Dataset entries
* * * * * * *

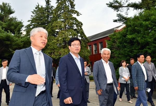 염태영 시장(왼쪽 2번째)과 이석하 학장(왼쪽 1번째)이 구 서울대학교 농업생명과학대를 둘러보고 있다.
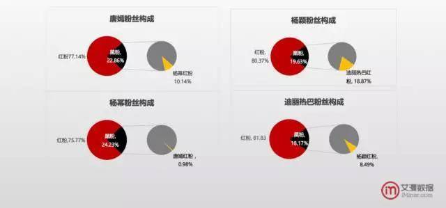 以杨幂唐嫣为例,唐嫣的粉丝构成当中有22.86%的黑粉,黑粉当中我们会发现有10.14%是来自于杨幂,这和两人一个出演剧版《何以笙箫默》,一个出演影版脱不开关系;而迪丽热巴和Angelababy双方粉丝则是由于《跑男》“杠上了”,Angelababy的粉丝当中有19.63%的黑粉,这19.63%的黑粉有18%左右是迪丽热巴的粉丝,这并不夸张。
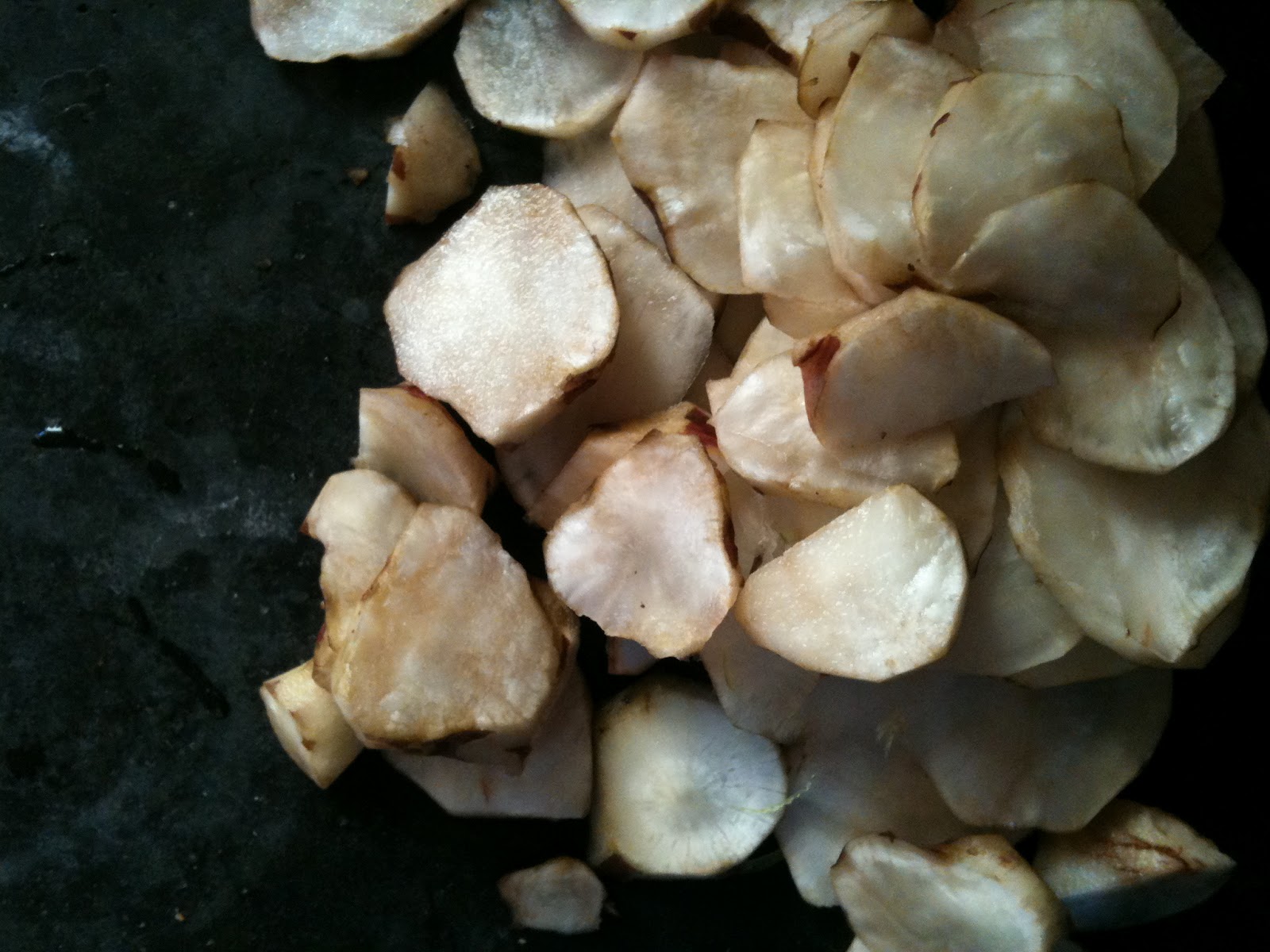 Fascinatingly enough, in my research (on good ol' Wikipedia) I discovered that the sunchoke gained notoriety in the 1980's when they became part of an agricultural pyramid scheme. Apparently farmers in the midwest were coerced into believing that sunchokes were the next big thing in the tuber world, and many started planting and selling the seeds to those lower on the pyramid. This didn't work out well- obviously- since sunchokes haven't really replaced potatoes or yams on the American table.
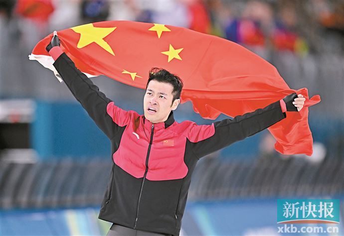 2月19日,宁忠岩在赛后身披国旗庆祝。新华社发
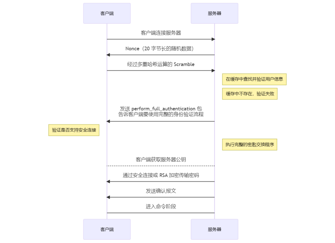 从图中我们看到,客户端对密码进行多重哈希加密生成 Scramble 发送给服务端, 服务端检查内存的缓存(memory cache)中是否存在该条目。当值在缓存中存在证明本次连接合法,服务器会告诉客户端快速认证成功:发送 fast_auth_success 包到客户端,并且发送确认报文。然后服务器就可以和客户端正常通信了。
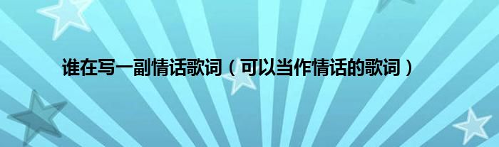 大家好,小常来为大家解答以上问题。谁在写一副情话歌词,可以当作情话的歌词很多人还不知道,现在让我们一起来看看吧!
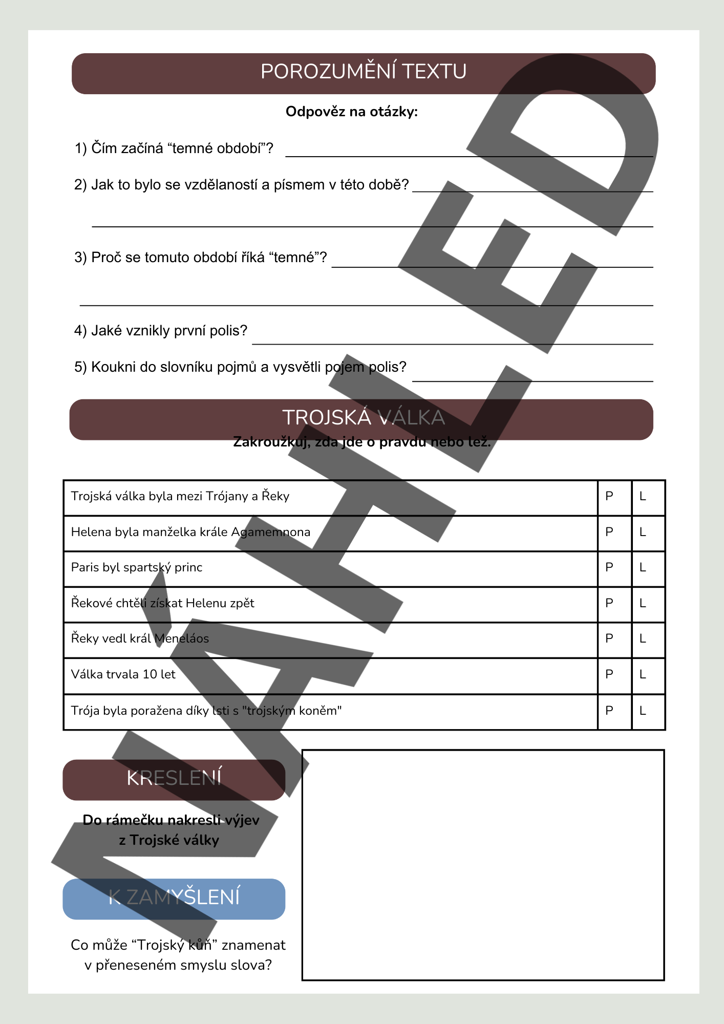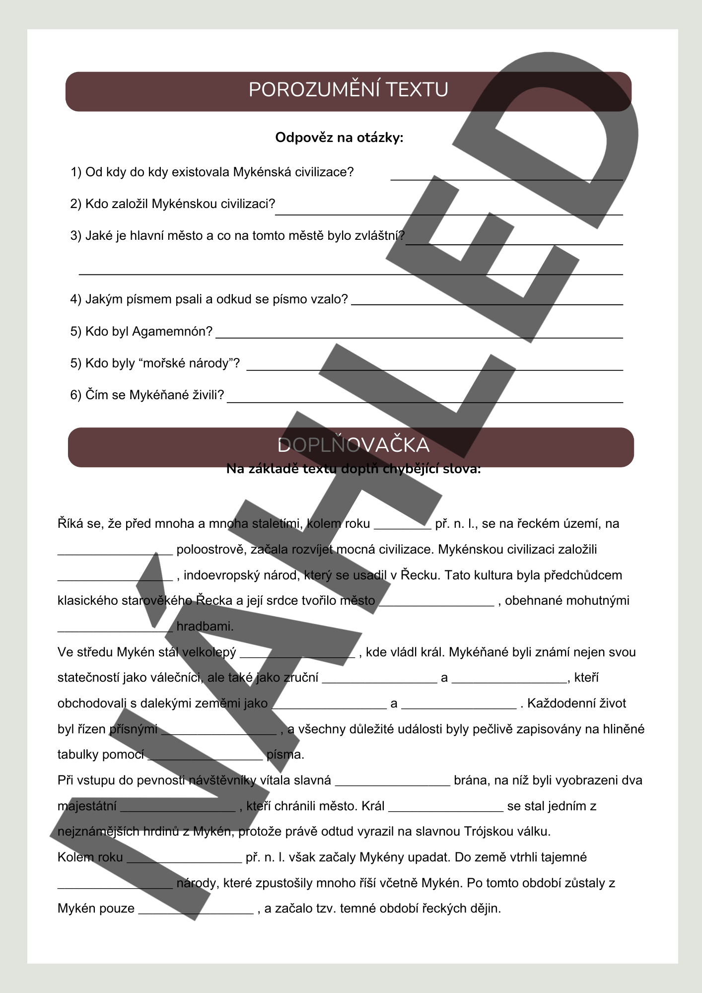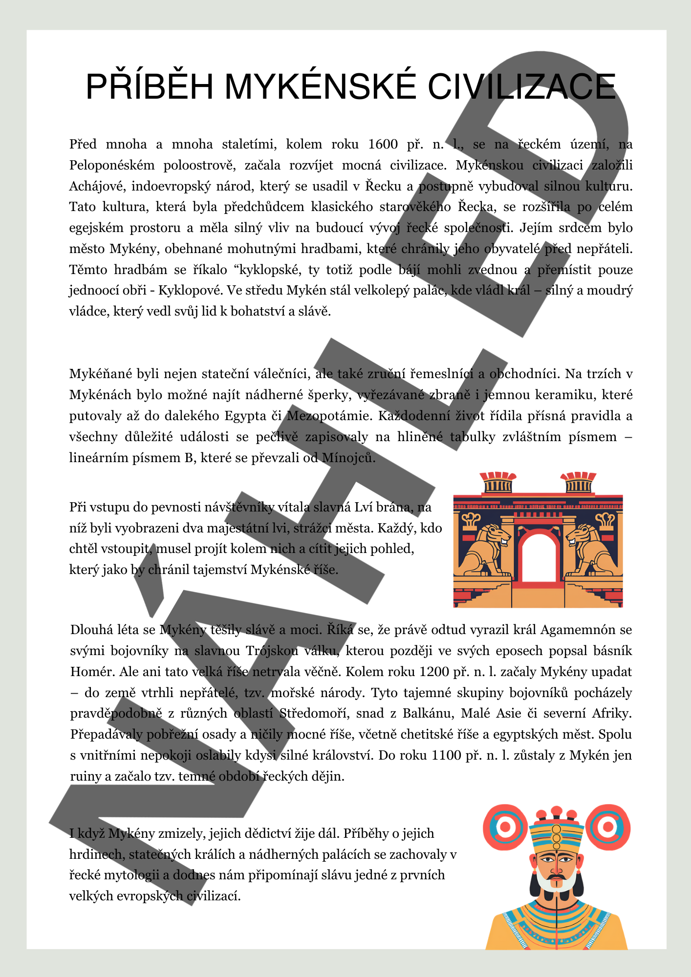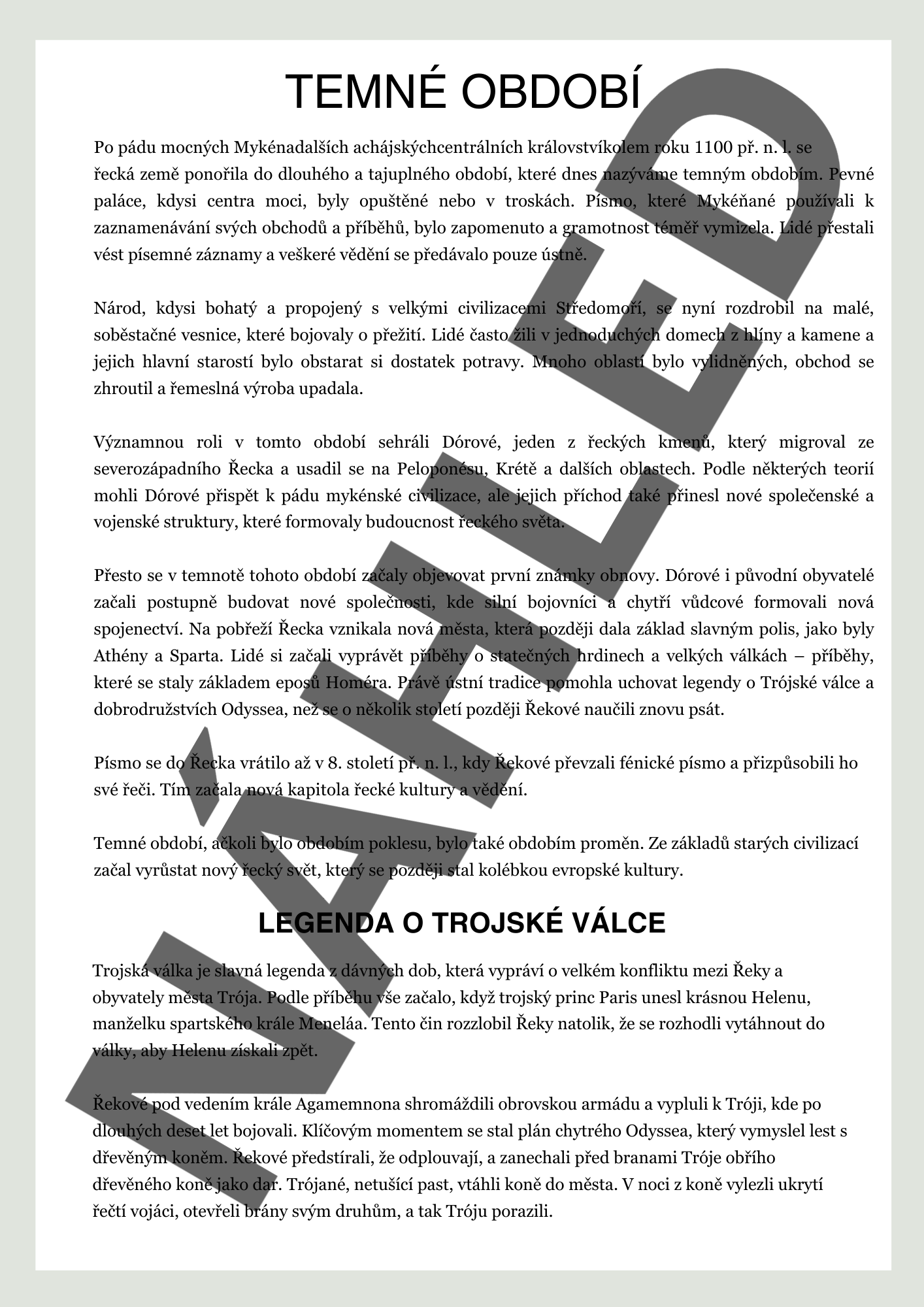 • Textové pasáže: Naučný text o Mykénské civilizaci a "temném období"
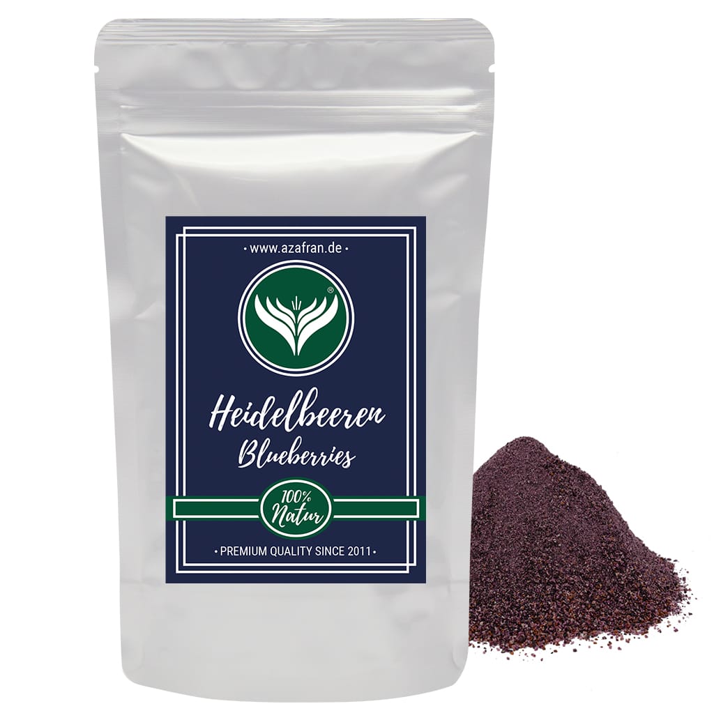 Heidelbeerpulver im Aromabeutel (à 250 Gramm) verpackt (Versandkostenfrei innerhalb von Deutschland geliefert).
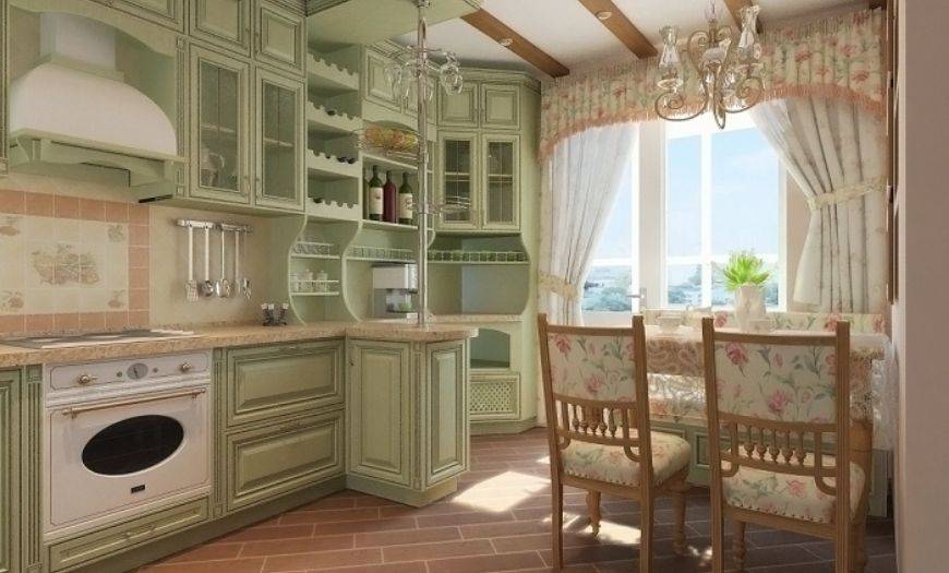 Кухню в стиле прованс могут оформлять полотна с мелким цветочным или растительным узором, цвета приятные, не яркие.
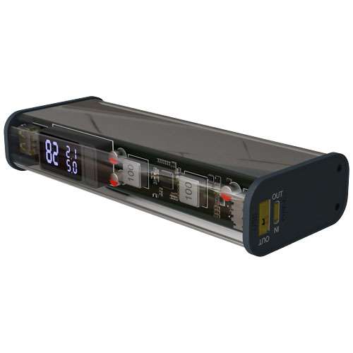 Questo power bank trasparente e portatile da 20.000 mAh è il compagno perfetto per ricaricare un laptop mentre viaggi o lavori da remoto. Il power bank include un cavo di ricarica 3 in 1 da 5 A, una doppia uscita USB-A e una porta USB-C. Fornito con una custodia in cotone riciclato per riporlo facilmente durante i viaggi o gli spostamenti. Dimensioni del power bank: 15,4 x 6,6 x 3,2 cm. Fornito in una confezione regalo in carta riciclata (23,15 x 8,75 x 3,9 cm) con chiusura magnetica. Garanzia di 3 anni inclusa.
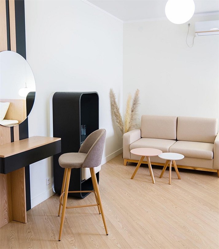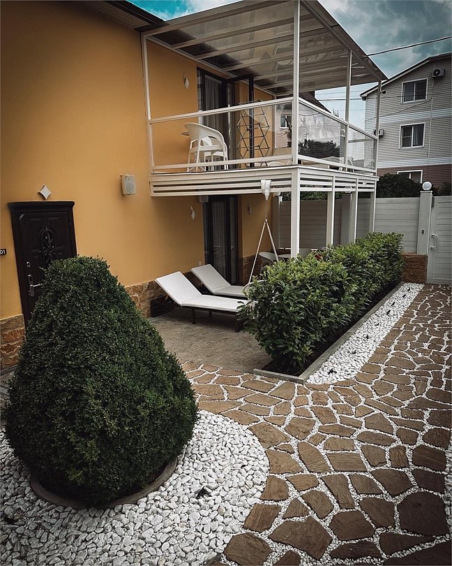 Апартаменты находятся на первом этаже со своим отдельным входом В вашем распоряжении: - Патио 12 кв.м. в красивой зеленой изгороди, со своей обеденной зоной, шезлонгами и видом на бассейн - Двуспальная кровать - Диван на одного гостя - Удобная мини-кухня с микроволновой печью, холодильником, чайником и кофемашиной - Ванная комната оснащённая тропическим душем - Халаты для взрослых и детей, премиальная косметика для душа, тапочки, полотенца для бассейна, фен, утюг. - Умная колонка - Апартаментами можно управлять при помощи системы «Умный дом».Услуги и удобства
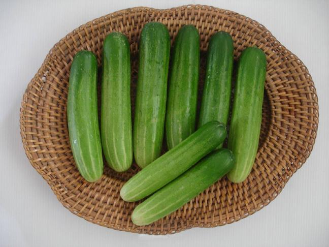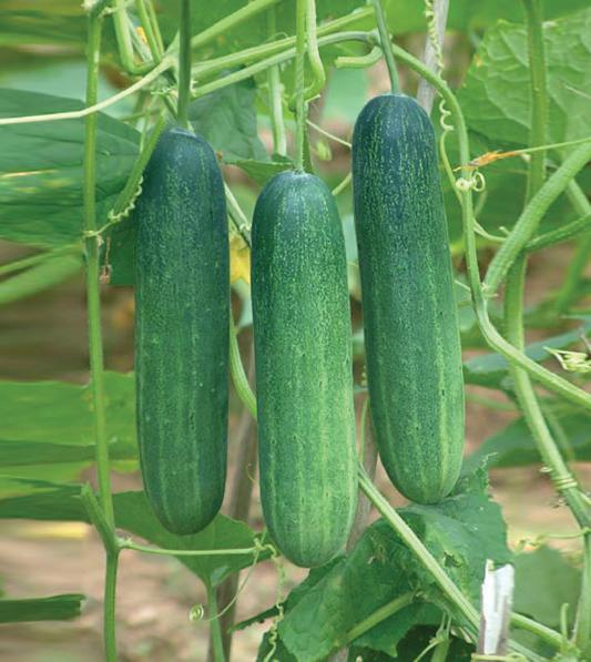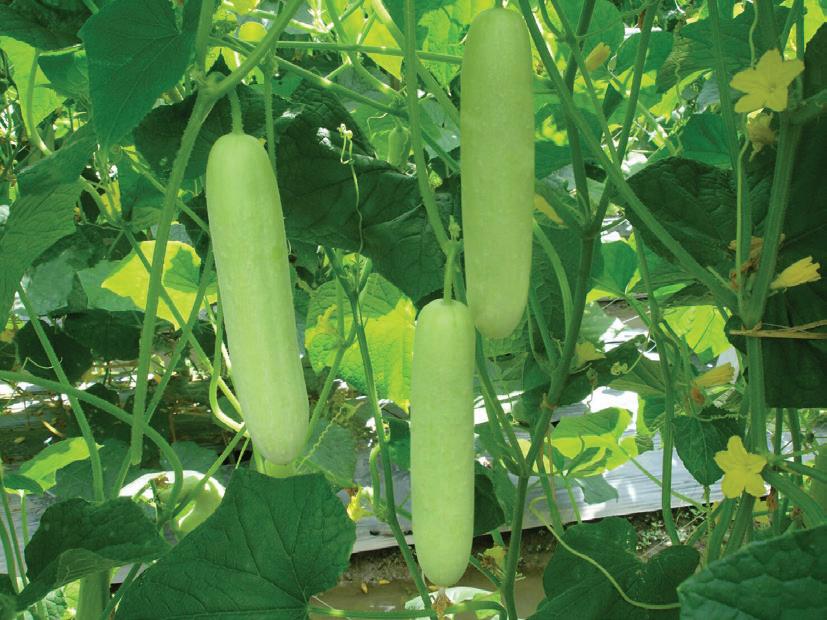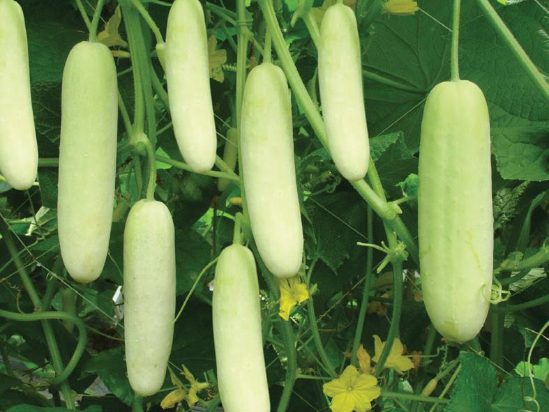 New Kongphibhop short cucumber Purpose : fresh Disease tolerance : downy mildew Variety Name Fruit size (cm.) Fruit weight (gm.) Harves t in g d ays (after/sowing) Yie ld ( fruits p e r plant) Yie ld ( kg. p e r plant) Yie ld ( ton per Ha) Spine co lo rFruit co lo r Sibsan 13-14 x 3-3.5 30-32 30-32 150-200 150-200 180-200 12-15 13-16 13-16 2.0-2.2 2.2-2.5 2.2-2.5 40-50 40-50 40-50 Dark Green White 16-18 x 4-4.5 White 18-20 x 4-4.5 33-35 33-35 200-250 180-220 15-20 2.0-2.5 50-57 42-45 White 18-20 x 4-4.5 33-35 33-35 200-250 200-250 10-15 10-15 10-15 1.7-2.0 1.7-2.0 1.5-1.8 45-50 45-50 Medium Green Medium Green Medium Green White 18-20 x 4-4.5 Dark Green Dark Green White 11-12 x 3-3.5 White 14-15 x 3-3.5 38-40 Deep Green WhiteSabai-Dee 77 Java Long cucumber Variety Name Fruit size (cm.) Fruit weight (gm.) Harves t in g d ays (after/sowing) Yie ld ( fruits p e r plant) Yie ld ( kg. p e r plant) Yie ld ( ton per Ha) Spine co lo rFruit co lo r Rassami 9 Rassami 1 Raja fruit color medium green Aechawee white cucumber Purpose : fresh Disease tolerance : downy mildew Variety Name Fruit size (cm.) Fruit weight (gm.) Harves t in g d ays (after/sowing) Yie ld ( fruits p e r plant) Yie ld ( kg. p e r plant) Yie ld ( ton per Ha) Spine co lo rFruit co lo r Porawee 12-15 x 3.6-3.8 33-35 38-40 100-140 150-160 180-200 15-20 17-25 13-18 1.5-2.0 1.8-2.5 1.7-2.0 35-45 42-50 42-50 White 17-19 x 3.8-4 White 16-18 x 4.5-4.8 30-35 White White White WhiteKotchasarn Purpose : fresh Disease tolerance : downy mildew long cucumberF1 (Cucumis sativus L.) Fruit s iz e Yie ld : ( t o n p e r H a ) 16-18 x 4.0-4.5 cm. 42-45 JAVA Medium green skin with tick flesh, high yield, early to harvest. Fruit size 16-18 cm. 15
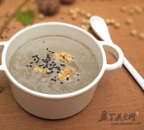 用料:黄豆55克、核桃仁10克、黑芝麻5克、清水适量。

* * * * * * *

WORK TASK: The reply should hold only the lines from the first line of the records above through the line containing "Кухню в стиле", copied exactly and without pictures.

WORKED SOLUTION:
 염태영 시장(왼쪽 2번째)과 이석하 학장(왼쪽 1번째)이 구 서울대학교 농업생명과학대를 둘러보고 있다.
 以杨幂唐嫣为例,唐嫣的粉丝构成当中有22.86%的黑粉,黑粉当中我们会发现有10.14%是来自于杨幂,这和两人一个出演剧版《何以笙箫默》,一个出演影版脱不开关系;而迪丽热巴和Angelababy双方粉丝则是由于《跑男》“杠上了”,Angelababy的粉丝当中有19.63%的黑粉,这19.63%的黑粉有18%左右是迪丽热巴的粉丝,这并不夸张。
 Fascinatingly enough, in my research (on good ol' Wikipedia) I discovered that the sunchoke gained notoriety in the 1980's when they became part of an agricultural pyramid scheme. Apparently farmers in the midwest were coerced into believing that sunchokes were the next big thing in the tuber world, and many started planting and selling the seeds to those lower on the pyramid. This didn't work out well- obviously- since sunchokes haven't really replaced potatoes or yams on the American table.
 2月19日,宁忠岩在赛后身披国旗庆祝。新华社发
 从图中我们看到,客户端对密码进行多重哈希加密生成 Scramble 发送给服务端, 服务端检查内存的缓存(memory cache)中是否存在该条目。当值在缓存中存在证明本次连接合法,服务器会告诉客户端快速认证成功:发送 fast_auth_success 包到客户端,并且发送确认报文。然后服务器就可以和客户端正常通信了。
 大家好,小常来为大家解答以上问题。谁在写一副情话歌词,可以当作情话的歌词很多人还不知道,现在让我们一起来看看吧!
 • Textové pasáže: Naučný text o Mykénské civilizaci a "temném období"
 Heidelbeerpulver im Aromabeutel (à 250 Gramm) verpackt (Versandkostenfrei innerhalb von Deutschland geliefert).
 Кухню в стиле прованс могут оформлять полотна с мелким цветочным или растительным узором, цвета приятные, не яркие.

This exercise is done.